An ACID transaction acquires locks or snapshots, applies writes to a write-ahead log, and returns only after durable flush. The application gets crash consistency, automatic rollback, and composable invariants for free. The cost: coordination. Cross-partition ACID requires consensus per commit (tens of milliseconds cross-region), and two-phase commit across independent systems multiplies unavailability. Two databases at 99.9% joined by 2PC give 99.8% combined, roughly 43 extra minutes of downtime per month[1:1].

BASE sidesteps coordination entirely. Each partition commits locally, replicates asynchronously, and reconciles later. The application gets single-digit-millisecond writes at arbitrary scale. The cost: every invariant the database no longer enforces must live in application code as idempotent handlers, compensating transactions, and reconciliation jobs[2][3].

The question is never "which is better." It is: which invariants must the database enforce, and which can live in idempotent application code?

ACID path BASE path BEGIN WAL flush write Client PostgreSQL Durable commit Client DynamoDB B3

ACID pays coordination cost upfront for immediate correctness; BASE defers coordination to gain throughput and availability.

Side-by-Side Comparison#

DimensionACIDBASE
ConsistencyImmediate, database-enforcedEventual, application-enforced
Availability under partitionSacrificed (CP)Preserved (AP)
Write latencyTens of ms (consensus round-trip)Single-digit ms (local commit)
Scale ceiling~144K writes/sec single-node Postgres[4]; NewSQL scales horizontallyNear-linear with nodes; DynamoDB hit 146M req/sec[5]
Programming complexityLow (DB enforces invariants)High (app handles conflicts, staleness, dedup)
Failure modeBlocked transactions, coordinator failureSilent data loss, stale reads, write conflicts
RecoveryAutomatic WAL replayManual reconciliation jobs
Cost at scaleExpensive (consensus, locks)Cheap per write, expensive in engineering time

The table misleads on one dimension: programming complexity.
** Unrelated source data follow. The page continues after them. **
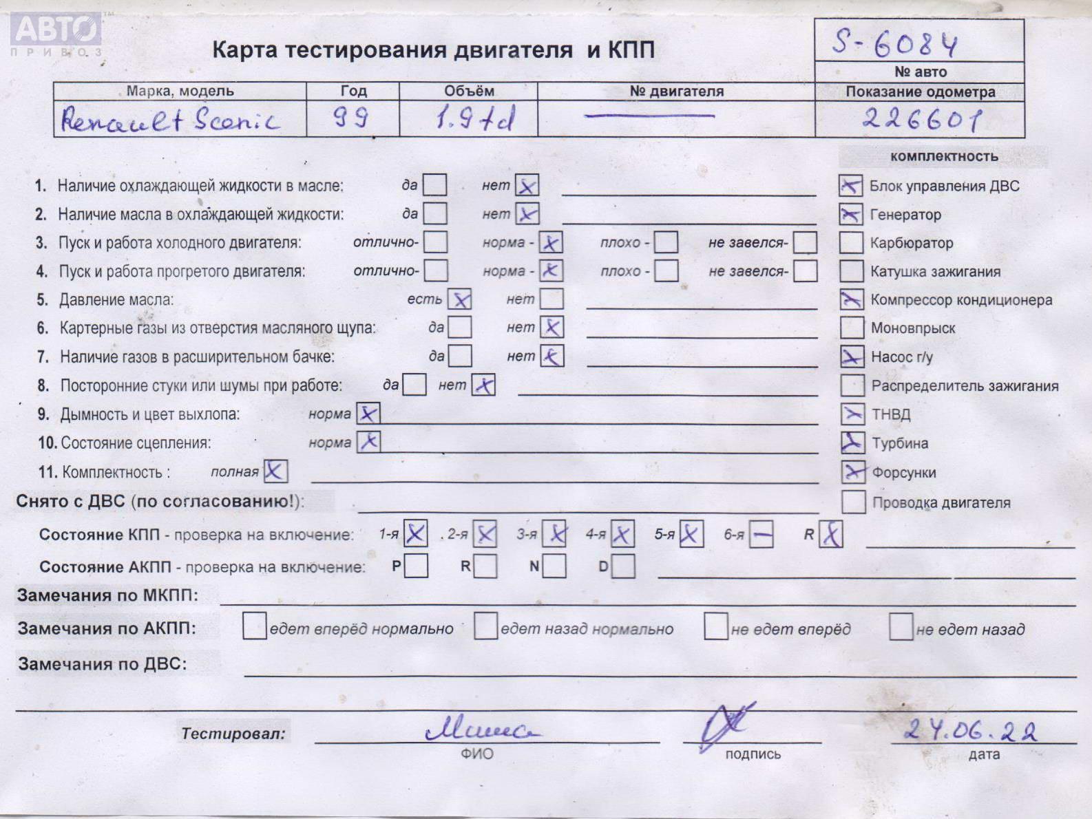 | Автомобиль / VIN: | S6084 VF1JA0NL519782351 |
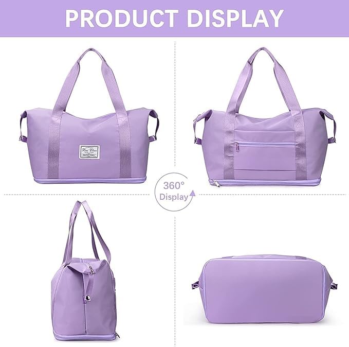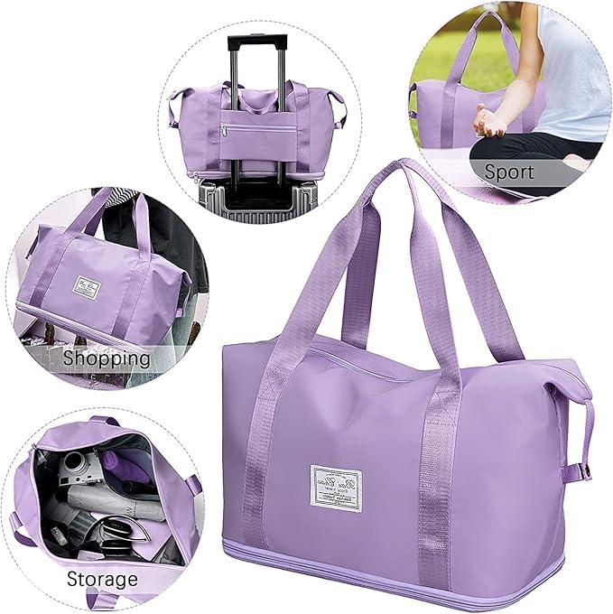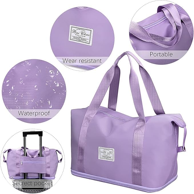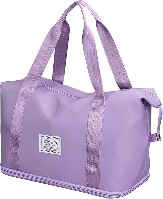 Happy home Expandable Travel Bag for Men and Women, Sports Gym Bag, Airplane Carry On Bag, Large Capacity Bag for Women, Single Shoulder Weekender Bag (purple)
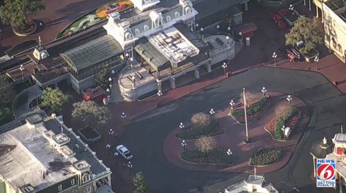 And guests just arriving at Magic Kingdom’s gates primarily by bus, ferryboat, and monorail, would normally be streaming into Main Street, U.S.A., but such will not be the case today — or for the next two weeks.
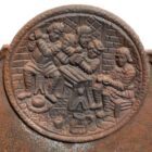 Cast iron has a rich industrial history dating back to the 18th century. During the Industrial Revolution, manufacturers widely adopted it for its strength and castability. Because molten iron flows easily into moulds, it captures intricate details with impressive precision. Therefore, decorative elements like this scene remain crisp and expressive even centuries later.
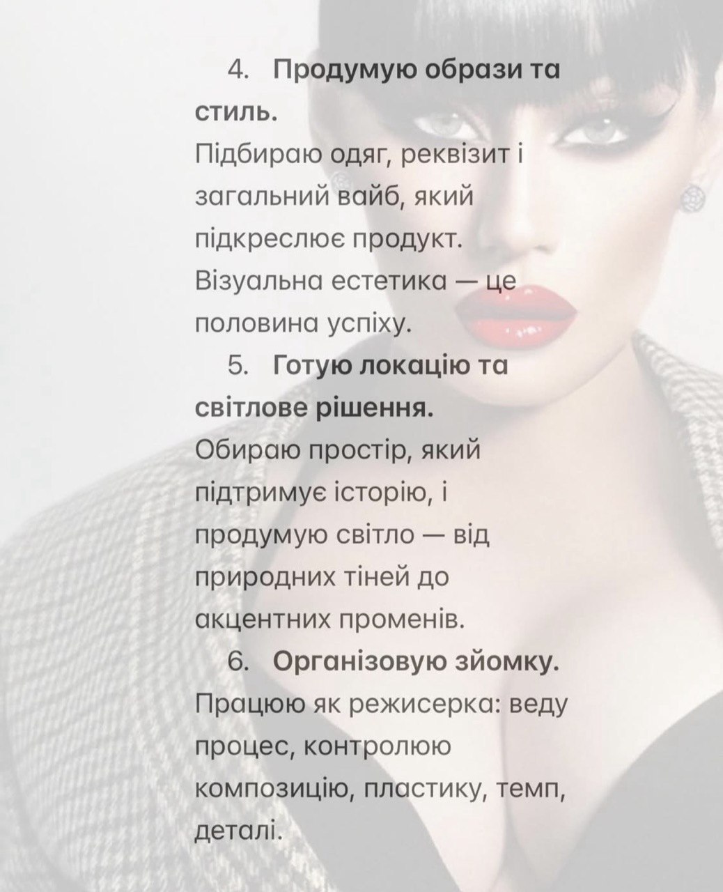 Я фешн - фотографиня & модель. Обожнюю бути по той бік камери і по цей. Я - жива концепція!

Teams underestimate how much work moves into application code when choosing BASE. By 2021 Uber was running its Gulfstream ledger across three stores (DynamoDB for 12 weeks of hot data, TerraBlob for cold data, and LedgerStore for new writes), and eventually migrated more than a trillion entries to LedgerStore to cut recurring cost, collapse three storage systems into one, gain verifiable immutability, and reduce secondary-index lag[6]. The "cheap writes" of BASE become expensive when storage, reconciliation, and indexing engineering dominate the roadmap.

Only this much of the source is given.